Voices

How empires spread religion

A global map of Christianity is stalked by imperial ghosts.

I have been hunting ghosts. Thomas Hobbes wrote in 1651 that “the Papacy is no other than the ghost of the deceased Roman Empire, sitting crowned upon the grave thereof: for so did the Papacy start up on a sudden out of the ruins of that heathen power.” While I have long known this quote, only recently did I learn of the larger context of what initially seems like a cheap interfaith potshot. Hobbes really pursues the analogy in some detail and makes some good points. More to the point, his comments apply to the wider influence of empires on all the world’s faiths, not just Christianity.

Many factors drive the success or failure of religious movements, including demography and climate factors, but the world’s religious history can scarcely be understood except in reference to imperial realities and their stubborn survivals (hence my new book Kingdoms of This World: How Empires Have Made and Remade Religions). However often, and however rightly, we denounce the evils associated with empires—their links to racism and slavery, exploitation and colonialism—empires have also supplied the means by which religions have achieved global scale.
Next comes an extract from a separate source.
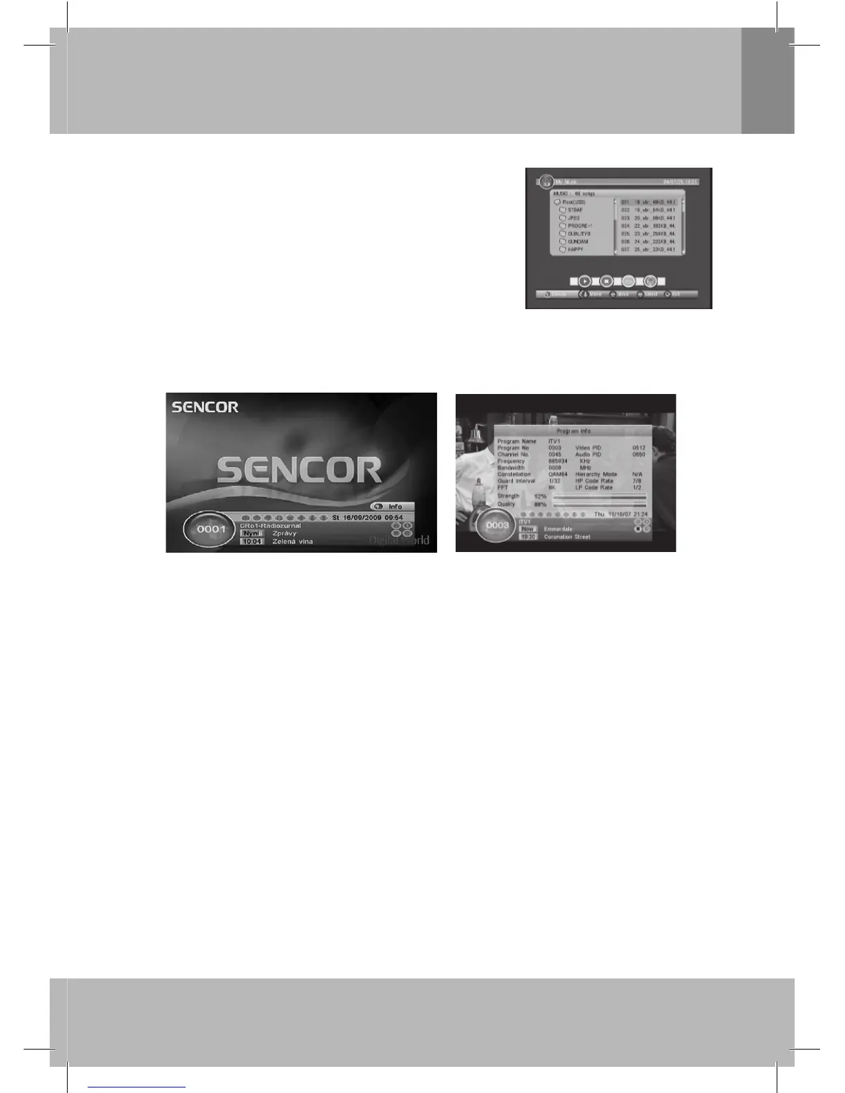 time, program name, now and next event, lock, scramble, subtitle and teletext info.

A map of modern Christian populations worldwide is stalked by multiple imperial ghosts. The great centers owe their origins to various Christian empires over the past half millennium: the Spanish, Portuguese, French, Belgian, British, and others. Within those empires, many people moved voluntarily, as settlers and colonists. Others were conquered or enslaved and had a new religious system imposed upon them, although over time many conquered peoples made the religion their own.